Le tragedie vengono sempre da lontano

lacrima_piantoSi chiama Pasquale Iacovone. Guardo la sua foto sul giornale. Forse è su una spiaggia o ai bordi di una piscina. No, è su una spiaggia, magari di un paese per noi esotico, la riconosco dai suoi occhiali a specchio, sabbia bianca, mare blu, poca gente. Lui ha i capelli biondi bel pettinati corti, dritti sparati sulla testa, un bravo ragazzo in vacanza, un giorno forse neanche tanto lontano. Non so cosa ci sia dietro quegli specchi, non so se lo sguardo è già perso in pensieri che non han niente a che vedere con la situazione; sembra che stia per dire qualcosa. Ma non lo fa. E forse le volte che parla, parla a sproposito, parolacce e minacce. E’ un uomo profondamente frustrato nel suo orgoglio di maschio ferito. Il suo matrimonio è fallito, dopo anni di sofferenze lei chiede la separazione e lui non la tollera. Hanno due figli Andrea e Davide, tredici e nove anni. Avevano. Adesso i due bambini sono morti e solo l’autopsia ne stabilirà le cause. Il padre è in gravi condizioni. La madre dei bambini, sua ex moglie, ha perso tutto. Lasciamo stare il ripetersi di questi episodi di cui questo ha preso la strada peggiore, quando la rabbia non riesce a scaricarsi sul coniuge colpevole di abbandono, in casi estremi, ma non così poco frequenti, si scarica sui figli. Quando l’odio per l’altro diventa autolesionismo e delitto su un innocente, che ha certamente sofferto per entrambi i genitori, allora siamo allo stremo.

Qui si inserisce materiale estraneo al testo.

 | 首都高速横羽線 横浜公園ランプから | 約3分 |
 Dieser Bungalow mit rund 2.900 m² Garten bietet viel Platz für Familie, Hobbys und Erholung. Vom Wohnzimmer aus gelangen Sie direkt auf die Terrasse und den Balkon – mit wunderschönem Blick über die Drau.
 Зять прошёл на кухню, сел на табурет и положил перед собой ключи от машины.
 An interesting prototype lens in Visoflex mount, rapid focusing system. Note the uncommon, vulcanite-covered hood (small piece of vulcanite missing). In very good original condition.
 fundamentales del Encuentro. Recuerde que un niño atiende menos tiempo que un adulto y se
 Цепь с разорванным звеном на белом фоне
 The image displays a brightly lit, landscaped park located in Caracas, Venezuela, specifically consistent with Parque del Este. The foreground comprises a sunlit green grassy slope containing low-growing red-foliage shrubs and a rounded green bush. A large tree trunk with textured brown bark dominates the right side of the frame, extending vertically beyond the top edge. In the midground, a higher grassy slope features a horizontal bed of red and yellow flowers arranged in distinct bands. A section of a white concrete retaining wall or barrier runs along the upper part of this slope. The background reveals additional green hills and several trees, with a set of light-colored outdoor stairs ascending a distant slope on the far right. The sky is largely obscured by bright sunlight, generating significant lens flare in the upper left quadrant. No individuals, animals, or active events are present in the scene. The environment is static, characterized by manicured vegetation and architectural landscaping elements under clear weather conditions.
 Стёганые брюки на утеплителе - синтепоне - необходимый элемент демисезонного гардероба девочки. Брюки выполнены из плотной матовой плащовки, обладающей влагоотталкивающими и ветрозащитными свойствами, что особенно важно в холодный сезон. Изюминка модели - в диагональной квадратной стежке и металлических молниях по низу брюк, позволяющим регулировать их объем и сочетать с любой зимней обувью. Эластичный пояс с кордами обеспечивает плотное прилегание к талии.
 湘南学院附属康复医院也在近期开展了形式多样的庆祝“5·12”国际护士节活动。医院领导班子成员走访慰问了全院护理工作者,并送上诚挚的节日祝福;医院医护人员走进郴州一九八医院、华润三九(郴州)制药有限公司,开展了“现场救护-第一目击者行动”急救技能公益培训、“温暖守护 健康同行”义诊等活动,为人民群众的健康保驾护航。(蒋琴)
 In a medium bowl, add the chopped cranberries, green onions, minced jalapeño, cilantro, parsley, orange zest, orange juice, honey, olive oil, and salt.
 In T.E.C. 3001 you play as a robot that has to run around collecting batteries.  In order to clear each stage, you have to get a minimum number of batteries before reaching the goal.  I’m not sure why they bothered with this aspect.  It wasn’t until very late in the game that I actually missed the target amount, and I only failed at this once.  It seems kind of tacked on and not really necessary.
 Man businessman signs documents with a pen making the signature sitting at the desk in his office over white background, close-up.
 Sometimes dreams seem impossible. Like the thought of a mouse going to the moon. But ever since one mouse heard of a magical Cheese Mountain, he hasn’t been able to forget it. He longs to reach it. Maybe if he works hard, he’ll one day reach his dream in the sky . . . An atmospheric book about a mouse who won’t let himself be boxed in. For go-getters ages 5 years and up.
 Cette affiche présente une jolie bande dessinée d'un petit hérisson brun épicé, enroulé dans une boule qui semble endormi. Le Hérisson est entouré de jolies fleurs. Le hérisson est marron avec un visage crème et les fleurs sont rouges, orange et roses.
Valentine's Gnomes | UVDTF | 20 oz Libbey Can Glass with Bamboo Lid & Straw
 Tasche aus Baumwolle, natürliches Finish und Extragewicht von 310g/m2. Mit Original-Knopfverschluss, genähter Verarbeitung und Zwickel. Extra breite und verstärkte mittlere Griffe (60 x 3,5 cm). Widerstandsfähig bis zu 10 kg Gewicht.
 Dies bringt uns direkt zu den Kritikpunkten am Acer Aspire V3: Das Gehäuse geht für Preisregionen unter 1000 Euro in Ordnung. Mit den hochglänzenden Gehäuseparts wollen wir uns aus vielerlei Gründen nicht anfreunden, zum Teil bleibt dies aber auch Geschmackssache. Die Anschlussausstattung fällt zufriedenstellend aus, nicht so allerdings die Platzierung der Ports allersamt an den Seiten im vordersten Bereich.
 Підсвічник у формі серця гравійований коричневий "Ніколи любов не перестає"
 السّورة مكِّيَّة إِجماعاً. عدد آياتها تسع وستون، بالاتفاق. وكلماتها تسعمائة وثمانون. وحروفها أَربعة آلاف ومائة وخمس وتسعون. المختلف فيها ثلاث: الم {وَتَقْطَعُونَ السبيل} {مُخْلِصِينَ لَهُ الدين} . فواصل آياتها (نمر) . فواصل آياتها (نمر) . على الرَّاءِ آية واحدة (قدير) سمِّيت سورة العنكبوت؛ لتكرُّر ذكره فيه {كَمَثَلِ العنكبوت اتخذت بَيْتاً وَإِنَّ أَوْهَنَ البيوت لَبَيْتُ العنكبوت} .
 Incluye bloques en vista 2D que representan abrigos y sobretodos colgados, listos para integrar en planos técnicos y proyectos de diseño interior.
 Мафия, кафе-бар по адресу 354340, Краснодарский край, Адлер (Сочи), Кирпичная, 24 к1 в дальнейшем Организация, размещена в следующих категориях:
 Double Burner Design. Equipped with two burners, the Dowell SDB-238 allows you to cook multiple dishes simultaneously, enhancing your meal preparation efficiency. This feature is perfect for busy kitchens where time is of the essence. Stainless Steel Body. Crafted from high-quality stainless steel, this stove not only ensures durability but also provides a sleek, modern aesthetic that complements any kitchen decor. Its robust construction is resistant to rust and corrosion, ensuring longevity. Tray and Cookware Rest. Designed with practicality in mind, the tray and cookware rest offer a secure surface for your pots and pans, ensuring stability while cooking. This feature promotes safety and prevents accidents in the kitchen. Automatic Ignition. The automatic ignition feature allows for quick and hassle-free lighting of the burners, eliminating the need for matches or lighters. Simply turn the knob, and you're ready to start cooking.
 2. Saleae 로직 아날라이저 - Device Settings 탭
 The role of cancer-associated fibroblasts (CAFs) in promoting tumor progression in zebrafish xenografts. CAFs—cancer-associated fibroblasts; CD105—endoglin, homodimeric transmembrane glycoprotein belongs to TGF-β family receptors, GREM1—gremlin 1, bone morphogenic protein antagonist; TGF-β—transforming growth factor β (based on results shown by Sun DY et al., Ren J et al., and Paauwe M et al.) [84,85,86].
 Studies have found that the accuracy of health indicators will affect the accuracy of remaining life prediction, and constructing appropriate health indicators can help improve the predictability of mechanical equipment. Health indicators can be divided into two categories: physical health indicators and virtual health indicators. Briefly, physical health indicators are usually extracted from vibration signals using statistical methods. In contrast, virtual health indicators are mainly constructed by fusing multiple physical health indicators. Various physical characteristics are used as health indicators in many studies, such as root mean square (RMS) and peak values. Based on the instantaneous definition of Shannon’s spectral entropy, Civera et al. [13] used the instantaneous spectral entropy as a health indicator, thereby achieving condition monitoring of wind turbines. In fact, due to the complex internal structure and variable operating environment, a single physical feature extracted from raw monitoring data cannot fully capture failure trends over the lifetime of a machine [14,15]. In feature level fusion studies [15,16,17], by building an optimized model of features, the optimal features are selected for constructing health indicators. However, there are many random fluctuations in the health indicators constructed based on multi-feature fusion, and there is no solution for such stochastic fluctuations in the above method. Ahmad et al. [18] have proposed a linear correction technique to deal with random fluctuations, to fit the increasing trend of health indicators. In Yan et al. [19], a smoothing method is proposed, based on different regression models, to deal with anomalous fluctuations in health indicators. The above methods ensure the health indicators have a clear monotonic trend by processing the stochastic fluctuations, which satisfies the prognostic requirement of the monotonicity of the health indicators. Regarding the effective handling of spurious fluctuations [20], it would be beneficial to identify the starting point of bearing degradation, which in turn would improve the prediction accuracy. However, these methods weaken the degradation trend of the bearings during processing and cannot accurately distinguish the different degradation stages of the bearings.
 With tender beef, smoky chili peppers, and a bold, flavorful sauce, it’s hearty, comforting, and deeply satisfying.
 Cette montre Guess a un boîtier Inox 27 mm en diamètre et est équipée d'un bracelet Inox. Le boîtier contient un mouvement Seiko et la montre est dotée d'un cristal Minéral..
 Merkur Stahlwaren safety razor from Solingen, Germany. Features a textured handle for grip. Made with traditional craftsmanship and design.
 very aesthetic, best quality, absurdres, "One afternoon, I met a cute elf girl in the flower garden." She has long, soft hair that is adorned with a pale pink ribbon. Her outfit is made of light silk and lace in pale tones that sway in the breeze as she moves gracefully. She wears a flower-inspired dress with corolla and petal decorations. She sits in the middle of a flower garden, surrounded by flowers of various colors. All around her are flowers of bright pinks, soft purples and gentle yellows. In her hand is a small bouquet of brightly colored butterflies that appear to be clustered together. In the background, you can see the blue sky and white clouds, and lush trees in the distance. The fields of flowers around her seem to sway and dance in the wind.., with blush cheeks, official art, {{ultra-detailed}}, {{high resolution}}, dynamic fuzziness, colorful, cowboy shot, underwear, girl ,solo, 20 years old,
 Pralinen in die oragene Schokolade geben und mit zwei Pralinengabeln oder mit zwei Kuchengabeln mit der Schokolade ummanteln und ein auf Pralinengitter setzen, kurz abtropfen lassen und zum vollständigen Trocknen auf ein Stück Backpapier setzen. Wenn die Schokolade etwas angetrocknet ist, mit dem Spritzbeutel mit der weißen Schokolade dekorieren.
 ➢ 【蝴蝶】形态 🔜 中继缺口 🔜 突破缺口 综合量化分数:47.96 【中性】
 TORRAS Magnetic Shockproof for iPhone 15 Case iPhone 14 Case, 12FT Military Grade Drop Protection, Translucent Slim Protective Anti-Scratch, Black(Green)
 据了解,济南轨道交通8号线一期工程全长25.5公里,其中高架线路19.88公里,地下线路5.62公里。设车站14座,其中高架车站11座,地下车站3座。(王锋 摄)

Tutti ci chiediamo perchè…il perchè lo vedete ogni giorno attorno a voi. Il fenomeno distruttivo nasce da lontano e ci mette anni a svilupparsi nella sua pienezza. Esattamente come il cancro al polmone: uno dei tumori più lenti a svilupparsi, quando appare non c’è più molto da fare, non si guarisce più. Se siete su una spiaggia, se siete davanti ad una scuola, se siete per strada potete osservare come i germi di questa malattia si esprimano e, se non c’è una figura di accudimento presente e cosciente di quello che sta accadendo, la cosa si ripete costantemente negli anni fino a un punto di non ritorno: quando chi accudisce dimentica il suo ruolo e lascia fare al bambino, ha perso. Ha perso anche quel bambino una occasione per crescere e abbiamo perso tutti noi, ma, soprattutto, le donne che incontrerà nel suo cammino. Il maschio dorato, che le madri mettono sul piedistallo perchè non han risolto la loro frustrazione atavica femminile e il profondo odio che hanno per se stesse e in quanto donne, diventa un dio a cui non si può dire di no. Queste sono le conseguenze della costruzione di un Moloch  dai piedi d’argilla, al di là delle differenze comportamentali di ciascuno, naturalmente. Se la madre non allena alla frustrazione, abdica al suo dovere educativo e consegna alla società dei modelli deboli incapaci di soffrire per i propri sbagli, esseri inetti all’autocorrezione, intolleranti alle frustrazioni generiche della vita, testardamente impegnati a farsi valere, al di là di ogni ragionevolezza, fino all’autodissoluzione. Errare è umano, perseverare è diabolico. Provate a dirlo alla mamma del bimbo capriccioso che rende impossibile la vita a tutti quanti, il piccolo despota del voglio, posso, comando, provate a dirglielo: vi risponderà con malcelato orgoglio che lui è più forte di lei oppure tirerà fuori le unghie affilate negli anni per difendere l’unica cosa che le fa sentire “qualcosa”, il suo povero figlio.